JL : Yeah, for a young professional, I think that becoming an effective negotiator is what can differentiate you from the rest of the world. So many young professionals, they're focused on all these different skills. The reality is, is that if you focus on your ability to put deals together and to solve problems with people, you'll become extremely valuable regardless of whatever you do, whether you work in IT or HR or sales or finance or business, corporate entrepreneur, nonprofit, whatever. That is, I believe, kind of the key to success.

And what I found, I haven't done the formal research on this, I've just done it with thousands and thousands of people, and that is that less than 10% of people have taken a formal negotiation course or been intentional about developing their negotiation skillset.

And so every young professional's thinking about how to get ahead, the way to get ahead is to really study and learn and go to a course and do the things that you need to do to build this skillset. It'll immediately put you ahead of about 90% of the people there that do this process kind of by trial and error. And so I think being intentional about your development as a negotiator, it provides you with a tremendous advantage. And there's lots of opportunities, Lowry Group, we've got online courses and live workshops and all that stuff. There's books. You can go to universities and take classes and all that kind of, there's lots of different ways to do it, but being intentional about that skillset, that's huge.

NM : Absolutely. And thanks for sharing that. Let me be the first to say thank you so much for the podcast. Really enjoyed having you on as a guest. And I'll turn it over to Aram.

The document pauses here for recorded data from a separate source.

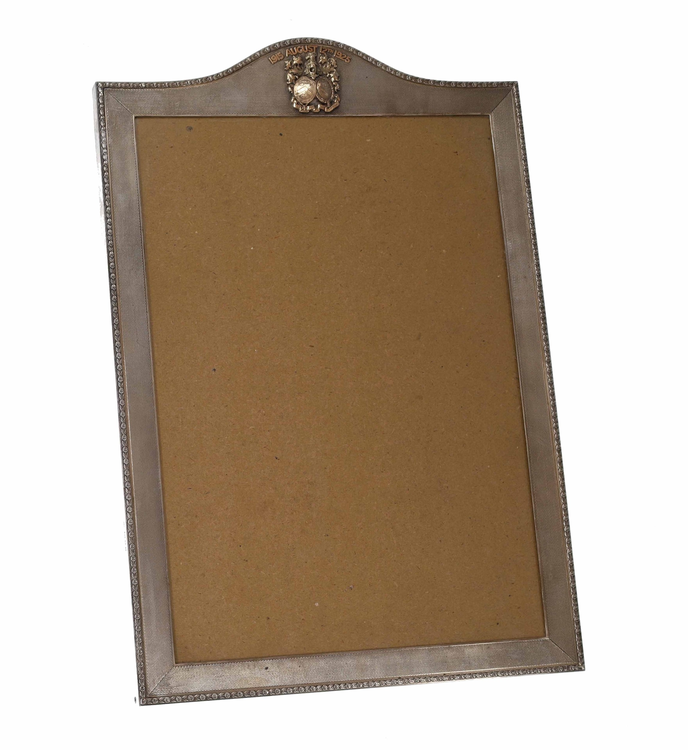 George V silver photograph frame, the engine turned frame with an arched top having an applied gilt commemorative crest, maker CD, London 1924, aperture 9" x 13", 11" wide 16" high overall
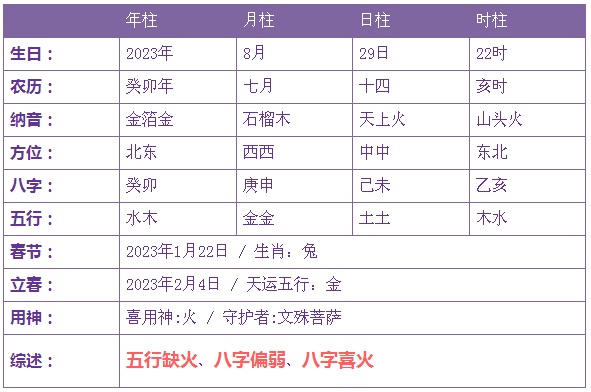 2023年8月29日1时出生的宝宝五行缺火
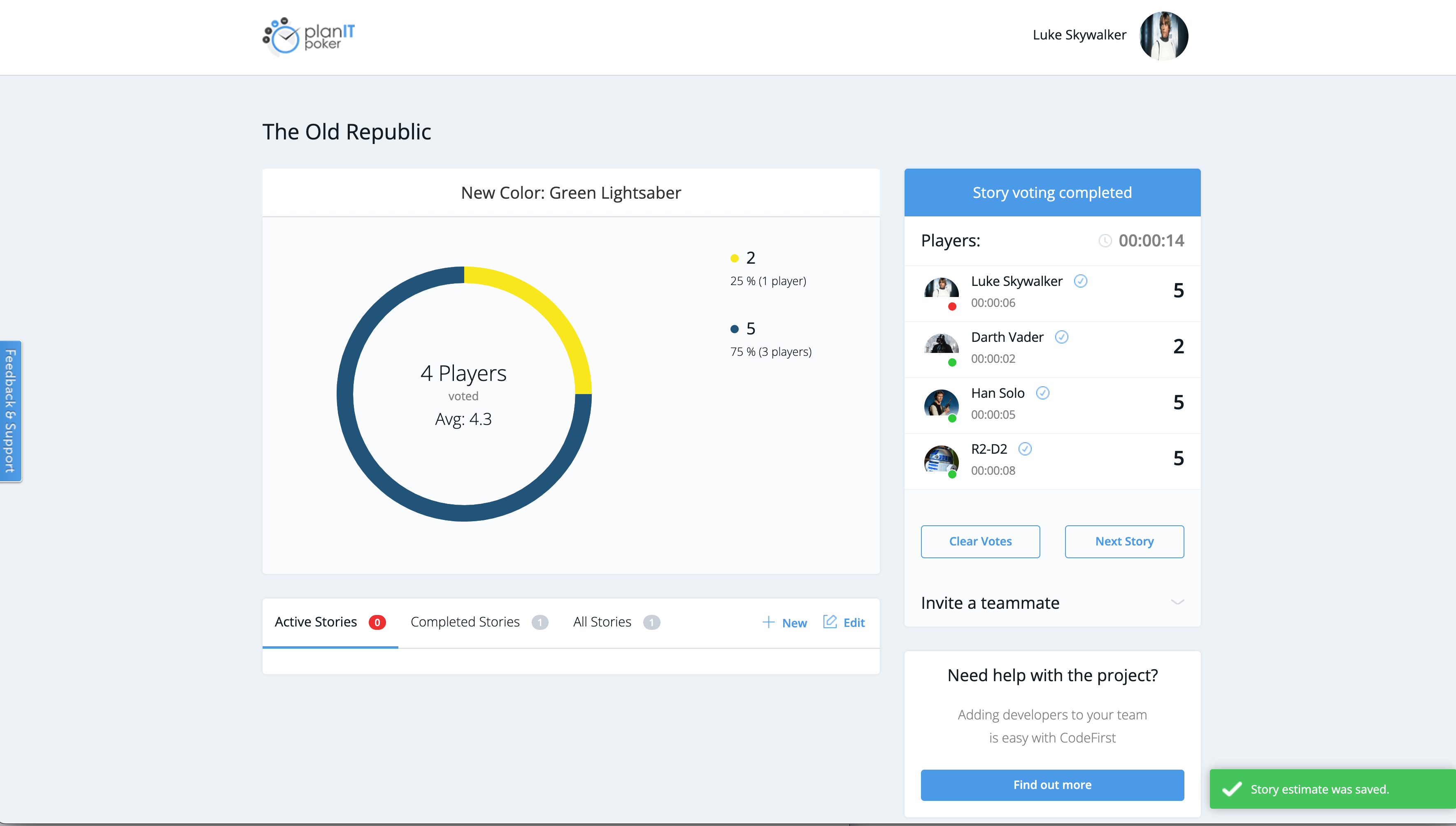 After joining codecentric I found out that some developers created their own Planning Poker tool. I know that they use it for estimation with a client. It offers the basic features I would expect from a Planning Poker Tool when it comes to functionality. You can create a room, customize the card deck, enter names for users stories and set a player name. The UX is very simple and straightforward. It is also possible to join as a spectator so that you do not need to participate in the voting.
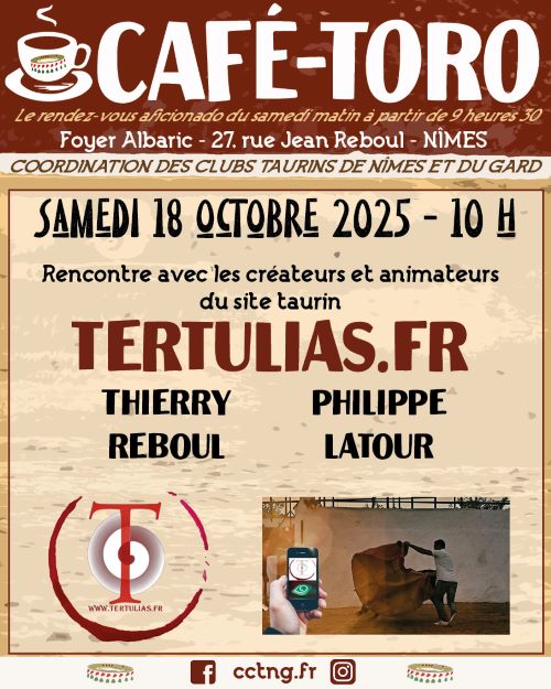 Samedi 18 octobre, Café-Toro avec la présentation du site taurin Tertulias…
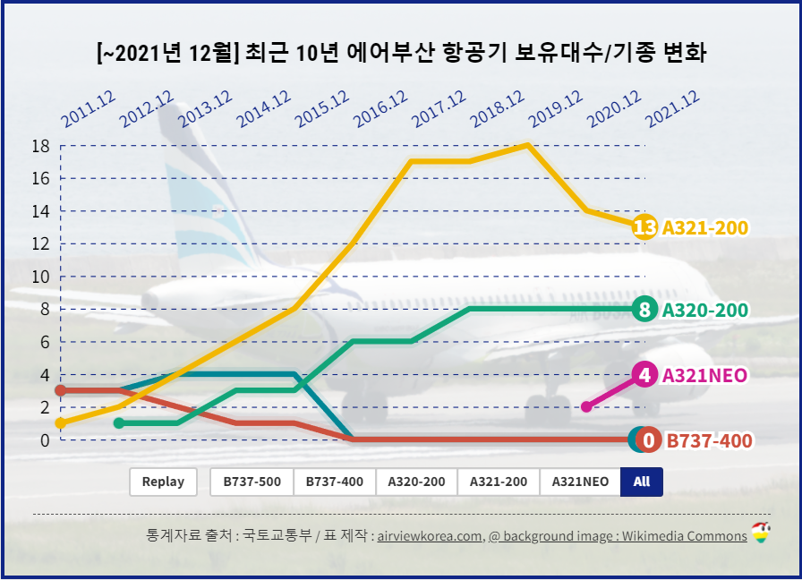 [~2021년 12월] 최근 10년 에어부산 비행기는 몇대? 종류 보유기종/보유대수 변화 (항공기 에어버스 A320-200, A321-200, A321NEO)
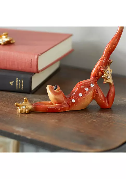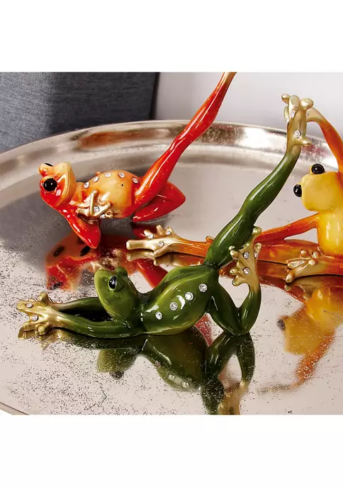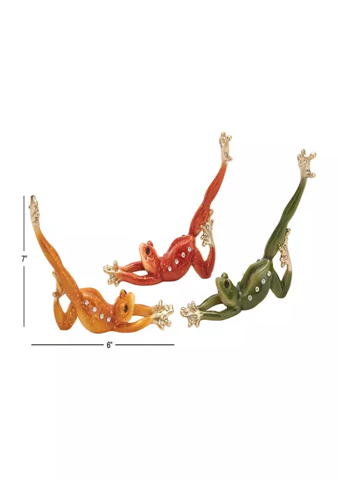 Eclectic design lets your personality shine in your homeThis novelty sculpture set is made from polystone materialsThis unique set comes in a multi-colored finish to highlight its quirkThis sculpture set features 3 polystone frogs in a diving position with one hind leg raised up highEach item measures 6″L x 1″W x 7″H and weighs 0.66 lbs
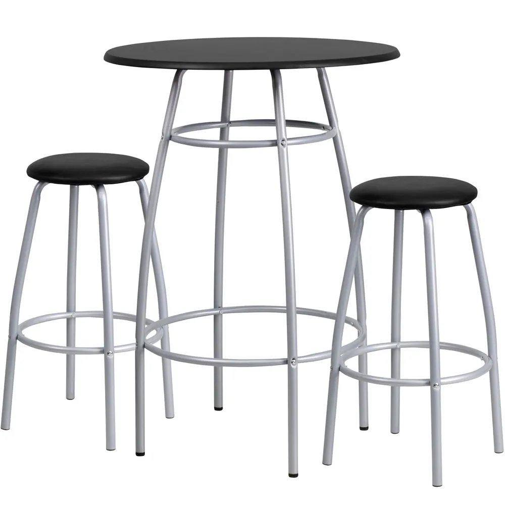 This high top table set includes chairs and a table with matching silver powder coated frame designs. The black tabletop matches the black padded vinyl seats.
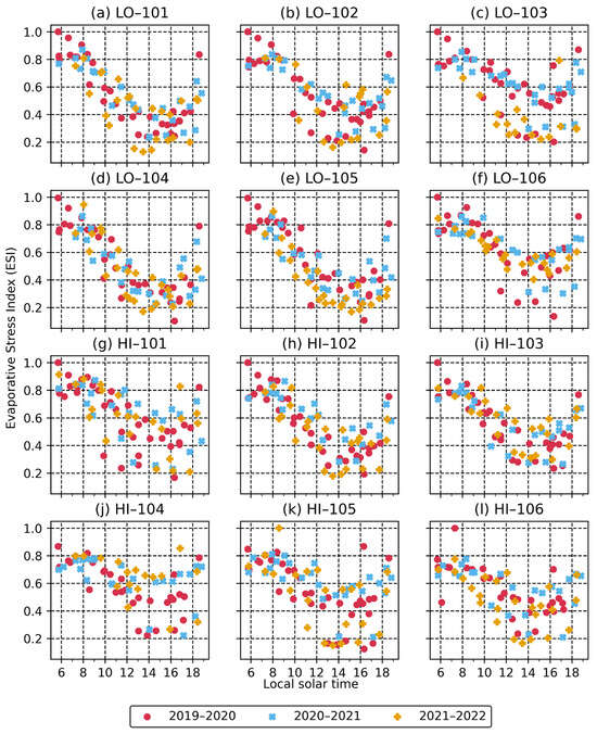 We aligned each ECOSTRESS snapshot on a 0.0006° grid (i.e., ~70 m spacing), encompassing approximately 4.1 M pixels over the study area (EPSG 32719). We compiled a total of 316 observations taken at various acquisition time over 242 days, spanning from 21 July 2018 to 19 January 2023 (Figure S1). Due to its irregular orbit aboard the ISS, ECOSTRESS returns to a given location at various times of day with inconsistent intervals. Each ESI value represents an instantaneous measure at the time of ECOSTRESS overpass [56]. We converted the Coordinated Universal Time (UTC) reported for each observation to the local solar time. To account for the potential variations between the different revisit times, we differentiated ECOSTRESS overpasses based on the following time periods:

AD : Yeah, so many great takeaways. I'm going to echo what Nolan said, John, which is just thanks for taking the time. Thanks for everything, particularly that last piece. It is something we need to be intentional about developing our skills. I love the thinking strategically when things are uncertain versus doing what's comfortable. I love the piece about being a learn-it-all negotiator, taking that one to heart. And then I liked one of the last pieces there, which was when you talked about knowing when to lead and when to follow in a negotiation and those choices. So great takeaways, great examples. And yeah, we'll have to have you up to the handover here soon.

JL : Sounds good. Well, I appreciate what you guys are doing in terms of leading the charge and having these conversations with folks. It's of tremendous value in terms of providing people with some insights on a skillset that will be very determinative of people's success going forward and the ability to make a difference in the world and the way they want to.